Ah, I get to see Solstafir again soon.
I never thought I’d say this, but I hate you Andy.
In a loving kind of way…but still.
He’s usually so well-mannered. But this comment has a gloating, douchebag quality to it, undoubtedly prompted by continued bitterness over the outcome of the Revolutionary War.
War’s not over til I say it’s over buddy!
You’re like one of those Japanese soldiers on remote Pacific islands who refused to accept that WWII ended and fought on against ephemeral enemies for decades, living on rainwater and mangos and slowly going insane.
Pah, those guys have NOTHING on me. Quitters the lot of them.
But…why would you WANT the colonies back???
Exploitation and variety in hookers mainly.
Can’t fault your logic.
I also get to see Solstafir soon, together with some other decent bands (Eluveitie, Primordial, Negura Bunget, Heidevolk and Korpiklaani, yes, now is the time to be jealous Islander).

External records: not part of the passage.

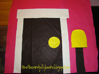 3. Iron the freezer paper (wax side down) to where you want you word to be. Make sure you iron is set to WOOL setting for felt (or it will melt... I know I melted some on my other felt house!) Make sure all your letters are stuck to the felt.
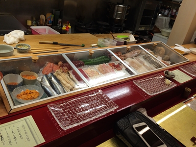 カウンターのショーケースにはおいしそうなお魚がずらりと!本日のおすすめメニューをみてみると、、大羽いわしがあったのでお願いしました!
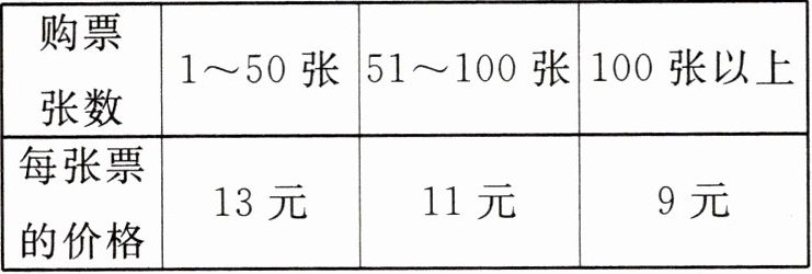 (3)如果按照实际人数买票,则48人共需48×13=624(元),而购51张票只需51×11=561(元),所以买51张票才最省钱.
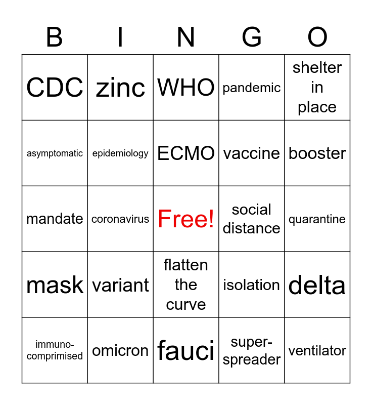 This bingo card has a free space and 24 words: variant, omicron, ECMO, immuno-comprimised, shelter in place, CDC, asymptomatic, zinc, social distance, flatten the curve, vaccine, mandate, isolation, delta, epidemiology, super-spreader, quarantine, WHO, booster, coronavirus, ventilator, mask, pandemic and fauci.
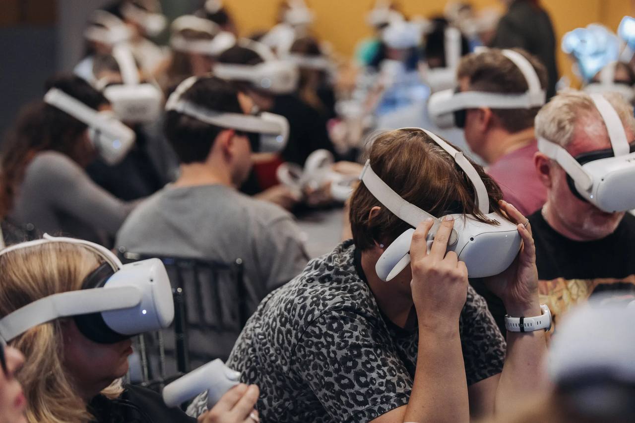 80 гостей синхронно погрузились в альтернативную реальность и под грамотным руководством VR художницы Надежды Бей рисовали свои миры в виртуальном пространстве цифровыми кистями.
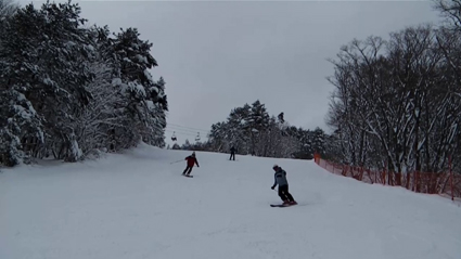 ![]() ゲレンデのGonちゃん〜Shunさん〜タッシーさん 福島県に在る沼尻スキー場は緩斜面の多いコースだが スキーの練習には最適なゲレンデです 変化に富み林間を利用した滑りを楽しめる等、お勧めのスキー場である。 ![]() リフト乗り場 タッシーさん〜Gonちゃん〜Shunさん 駐車場は連日無料ですが今年からリフト料金が変わってました ん〜〜〜 (@_@) 仕方ないか 世の事情が変わったのだから・・・苦笑 ![]() Gonちゃん ゲレンデの風景 ゲレンデに飛び出せばテンションUP 昨日と違って風も弱く絶好のスキー日和になりました ![]() Shunさん Gonちゃん パウダースノーに皆さんノリノリです ![]() タッシーさん Shunさん 適度な斜度で板も喜び滑りの腕が急上昇だ・・・(苦笑) ![]() 林間を滑るタッシーさん パラレルターンの練習 ゲレンデから林道コースに入る ![]() Gonちゃん パウダーのゲレンデ 山並みを見ることが出来ない曇り空 樹氷と木々に残った赤い実などに目線が泳ぎます ![]() 雪景色のリフト Seiです 最上部に行くために第五リフトに乗ります 殆ど人影がない・・・? 続いて第6リフトに向かうと、何と 動いてないではないかいな” 係の方に聞くと積雪が足りなくクローズである・・・撃沈 ![]() 素晴らしい雪質のゲレンデを滑る 気を取り直してクワッドリフトに乗り チャレンジコース ボブラコース しゃくなげコースを滑りまくる・・・(笑) ![]() な〜に タッシーさん 滑っていった 見つめるタッシーさんに な〜にと声をかけるも 何も言わないで滑って行った ![]() Sei Gonちゃん〜Shunさん〜タッシーさん 夕方から仕事のShunさんとタッシーさんは早めのお帰りです 残ったGonちゃんとSeiはゲレンデハウスで休憩 其処に甥子家族が合流して暫し歓談でした タッシーさん Shunさん Gonちゃん 山小屋拠点の滑りを今後も楽しみましょうね! ・・・Sei・・・ 動画をご覧くださいね! 戻る |
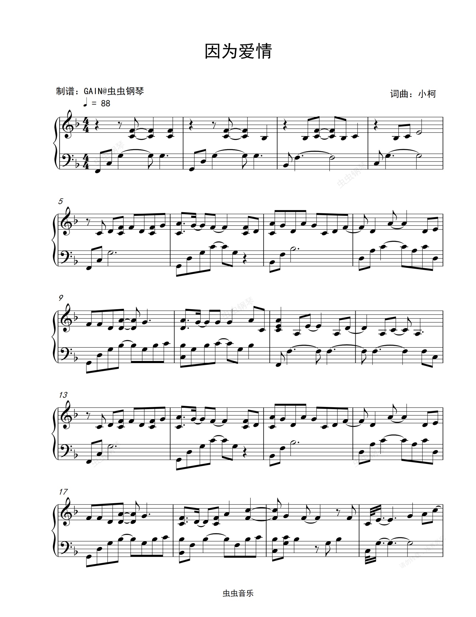 钢琴谱:因为爱情-王菲/陈奕迅
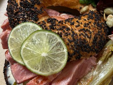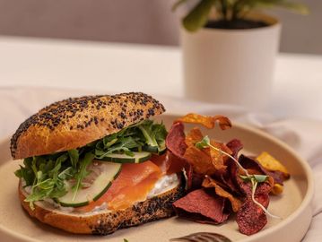 Pan de masa madre, salmón marinado, queso panela, arúgula,
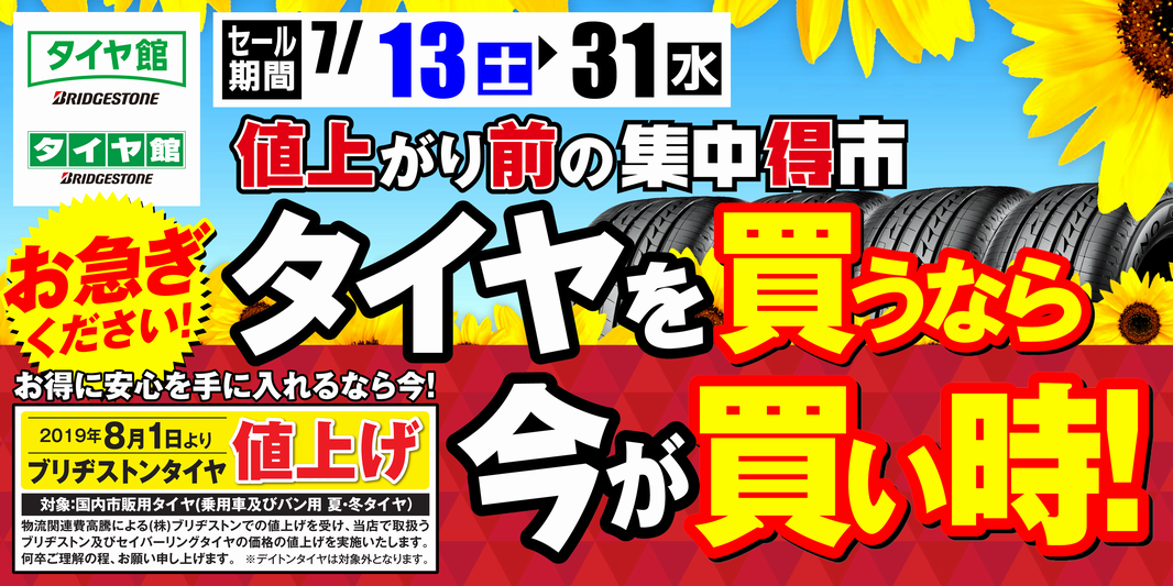 いつもタイヤ館倉吉をご愛顧いただきありがとうございます(*^-^*) 皆様にお知らせです。 2019年8月1日よりブリヂストンタイヤの夏&冬タイヤの価格が上がります。 物流関係費高騰による(株)ブリヂストンでの値上げを受け、当店で取り扱うブリヂストン及び セイバーリングタイヤの価格の値上げを実...
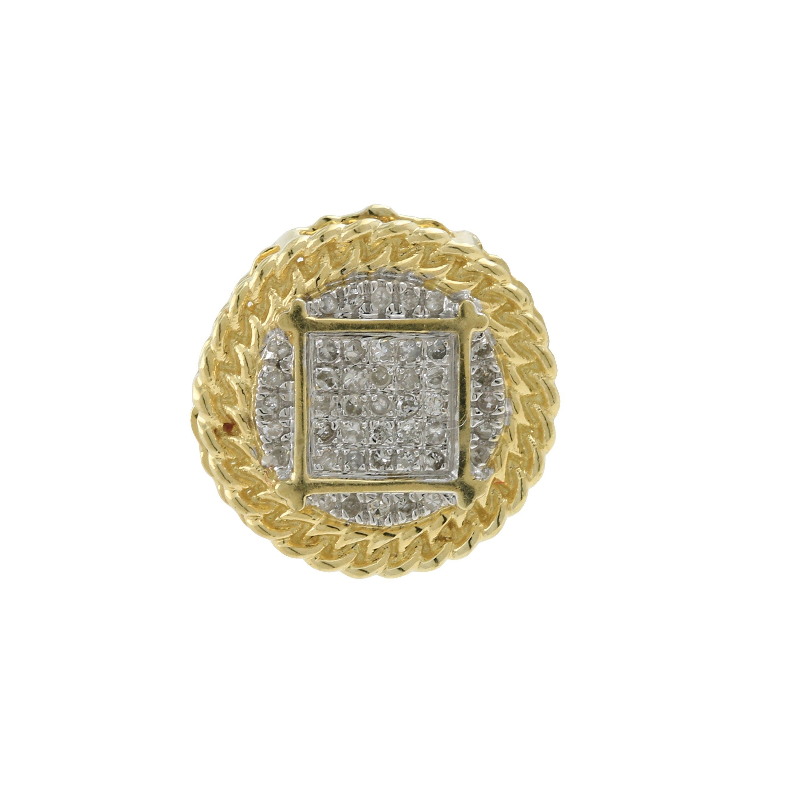 10k White & Yellow Gold Round Diamond Pave Cluster Single Stud Earring
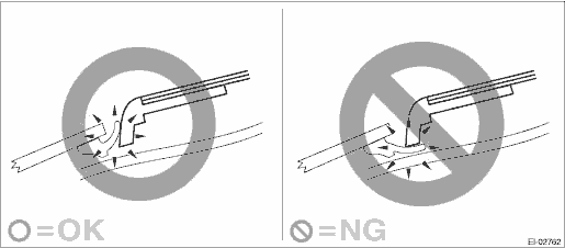 • While installing the molding - roof, be careful not to catch the glass molding with the tip of the front side and rear side.
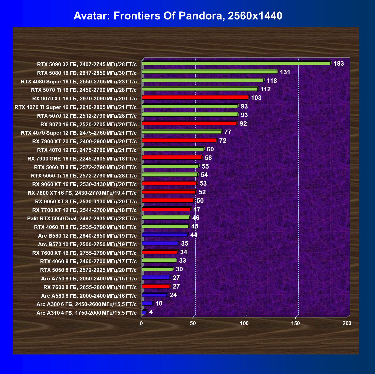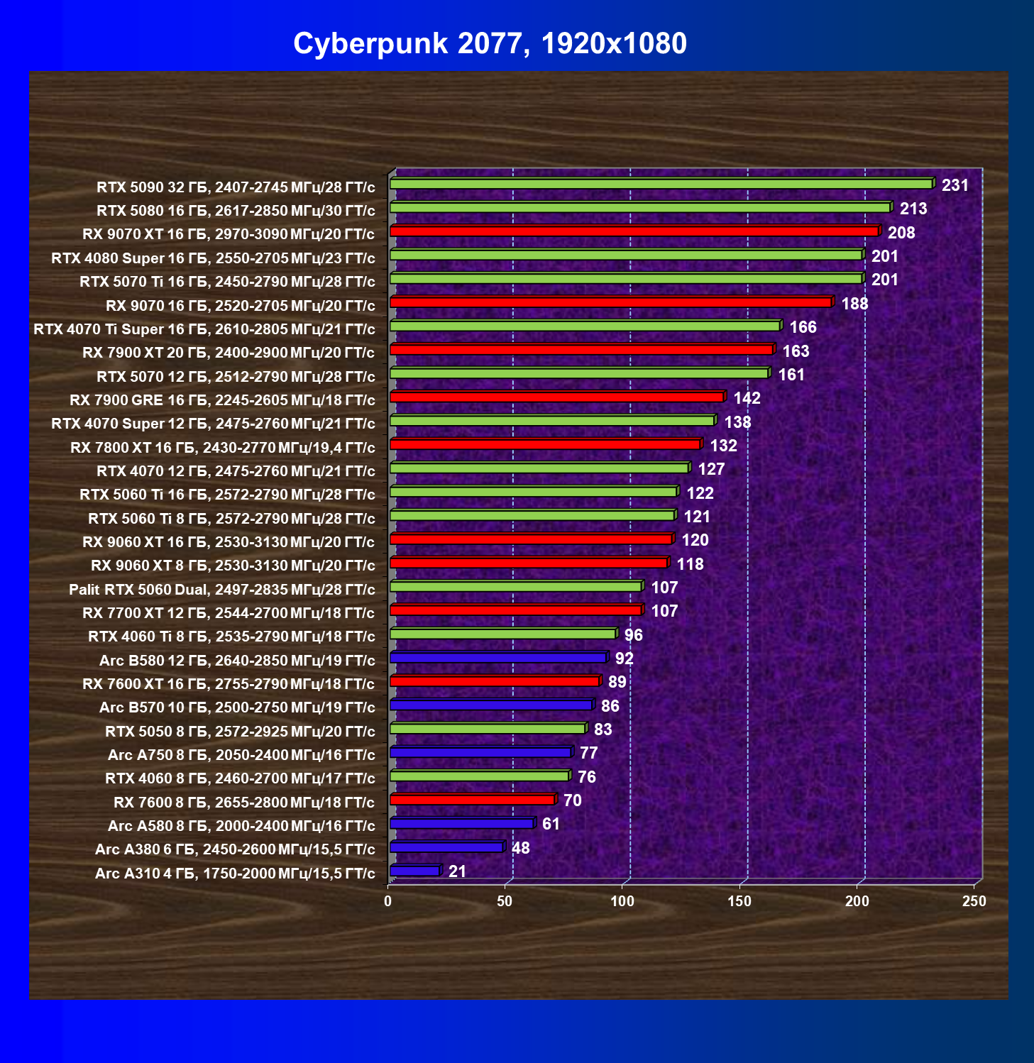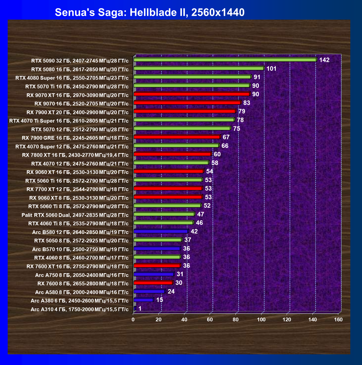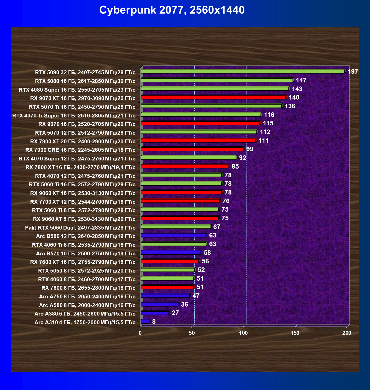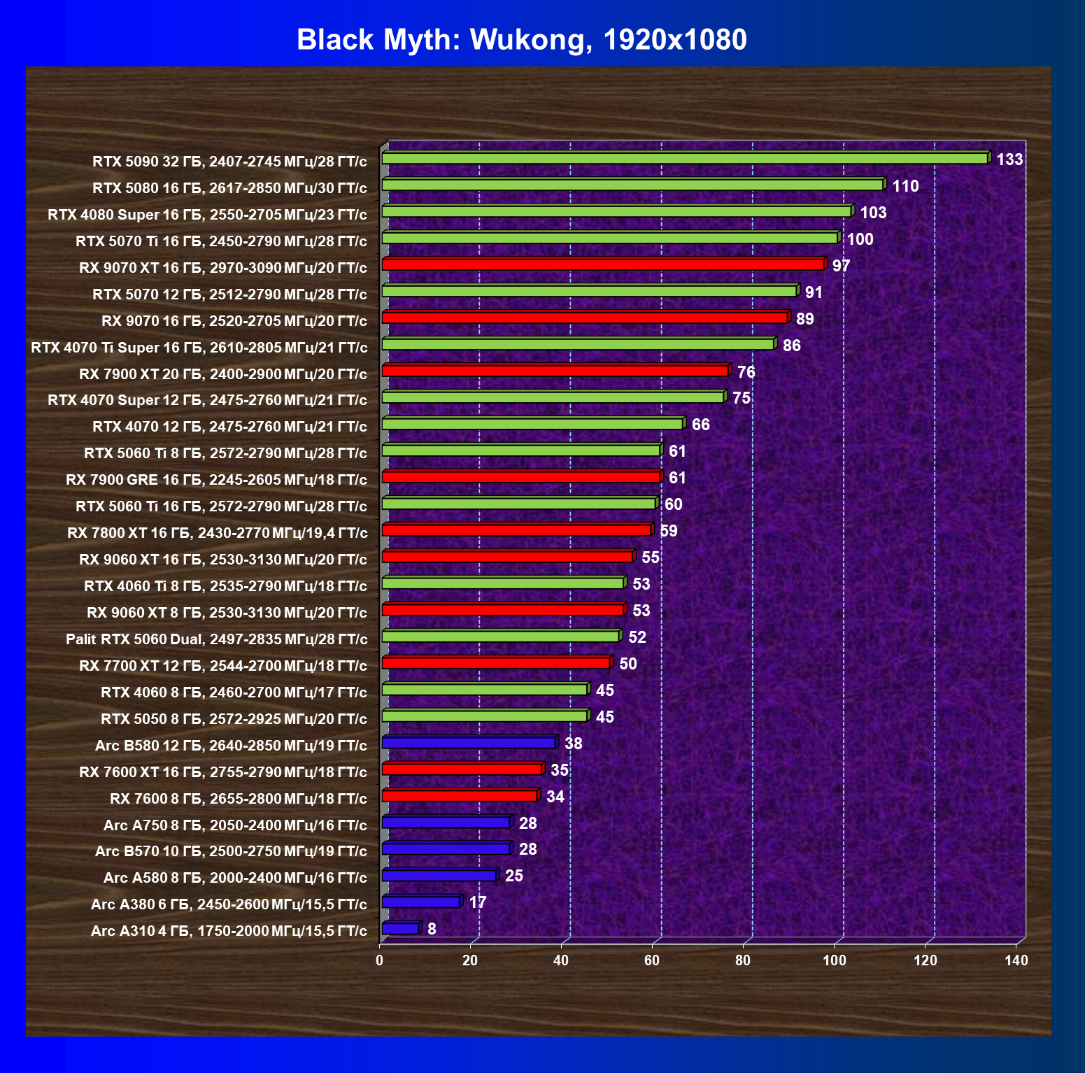 Мы видим, что GeForce RTX 5060 намного быстрее, чем Radeon RX 7600 XT (при этом последний дороже), также опережает GeForce RTX 4060 Ti, Arc B580 (однако последний сильно дешевле).

At first I thought I understood what the Dimma songtitle was, based on me looking at it as a Swede. Testicle crush. (Pungkross!) Then I thought for a moment and remembered that “Þungur” means heavy (Þungur knifur or whatever, haha). I still think my original thought was better though….
Because you made a funny joke about testicles I will consider forgiving you for the douchebag comment about getting to see all those great bands.
If you like Dimma I recommend their album Stigmztz from 2008
Love your writing in this piece, You paint such a vivid picture of that song…
Sólstafir are intense live. I saw them at the Roskilde Festival 2010. This exact concert: http://www.youtube.com/watch?v=RQkMyQ-O30A 🙂
Thank you! I was afraid I got carried away . . . and I guess I did, but that’s sort of the point.
Thanks for posting this. That Sólstafir song is magnificent.